ARRANCA HOY EL FUERO QUE INVESTIGARÁ A EVASORES
El proyecto lo impulsó Fernando de la Rúa no bien llegó a la Presidencia, con el objetivo de reforzar la acción del Estado en una cuestión que ha sido objeto de promesas de parte de casi todos los últimos Gobiernos: la persecución a los evasores impositivos. Hoy, finalmente, se pondrá en marcha la nueva Justicia en lo Penal Tributario, una experiencia inédita en la Argentina, que consistirá en un fuero con la misión única y exclusiva de investigar denuncias de evasión.
Los tres nuevos jueces, que fueron designados el año pasado después de pasar por el filtro de un concurso en el Consejo de la Magistratura, jurarán en sus nuevos cargos a las 11 de la mañana. Se trata de Javier López Biscayart (hasta ahora ejercía la profesión de abogado), Diego García Berro (era secretario de la Cámara en lo Penal Económico) y María Straccia (era secretaria de un juzgado federal de Lomas de Zamora).
La ceremonia se realizará en la Sala de Audiencias de la Cámara en lo Penal Económico, en los Tribunales de la avenida Inmigrantes y también contará con la presencia de los tres fiscales designados para el fuero por el Procurador General de la Nación.
Ellos no jurarán porque ya venían siendo fiscales adjuntos, en el fuero Penal Federal. Son Claudio Navas Rial (que hace unos años reclamó el arresto del empresario de la carne Alberto Samid, precisamente por supuesta evasión fiscal), José Barbaccia (uno de los fiscales del caso AMIA, que lógicamente abandonará el juicio oral) y Jorge Dahl Rocha.
También asumirá, aunque en una ceremonia distinta, el defensor oficial del fuero, Hernán de Llano, quien fue el secretario y principal colaborador del fiscal Carlos Stornelli en la investigación de la venta ilegal de armas, que generó la detención de Carlos Menem. Como los jueces, De Llano fue nombrado por concurso.
Los juzgados funcionarán en oficinas que pertenecen al Banco Central, en Sarmiento 1118.
Las denuncias de la AFIP por evasión de aportes tributarios y previsionales eran llevados hasta ahora por los juzgados en lo Penal Económico, que conservarán las causas que ya están en trámite.

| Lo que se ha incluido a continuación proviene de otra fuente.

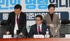10일 오후 국회 의원회관에서 열린 통합신당준비위원회 회의에서 심재철(왼쪽부터), 정병국, 이언주 공동위원장이 자리에 앉고 있다. (사진=연합뉴스) |

Quiere decir que los nuevos juzgados arrancarán de cero, solamente con causas nuevas. El nuevo fuero no tendrá Cámara ni tribunales orales propios, por lo cual las apelaciones y los juicios continuarán a cargo de los órganos del fuero Penal Económico.
De acuerdo a la ley Penal Tributaria, es delito la evasión cuyo monto supere los 100.000 pesos en un año (cuando la suma es menor se trata de una infracción, susceptible de una multa). En los casos en que el monto evadido supere el millón de pesos en un ejercicio, se trata de la figura agravada, que no es excarcelable. Quiere decir que cualquier persona procesada debería ir presa.
Justamente el presidente Néstor Kirchner, cuando el 25 de mayo dio su discurso de asunción ante el Congreso, prometió “trajes a rayas” para los grandes evasores. Este fuero es el que debería materializar aquella promesa.
De acuerdo a los números que se venían manejando en la Justicia en lo Penal Económico, cada uno de los tres nuevos juzgados recibirían aproximadamente 400 causas por año. De ellas, 100 serían denuncias por evasión tributaria (10 de ellas por evasión agravada, no excarcelable) y las otras 300, por evasión previsional.
Según las distintas estimaciones, la evasión en la Argentina alcanzaría montos que irían de los 20.000 a los 30.000 millones de pesos anuales, aunque el papel de la Justicia como disparador de una reducción en el número de delitos es un tema que generalmente los especialistas en derecho penal relativizan.
De todas maneras, si se mide en números, la actuación de la Justicia en lo Penal Económico en la persecución de evasores no ha sido exitosa. Entre 1998 y 2001 sólo 56 casos llegaron a juicio. El Gobierno pondrá ahora en este nuevo fuero la presión para intentar cambiar el mensaje a la sociedad sobre un tema muy sensible.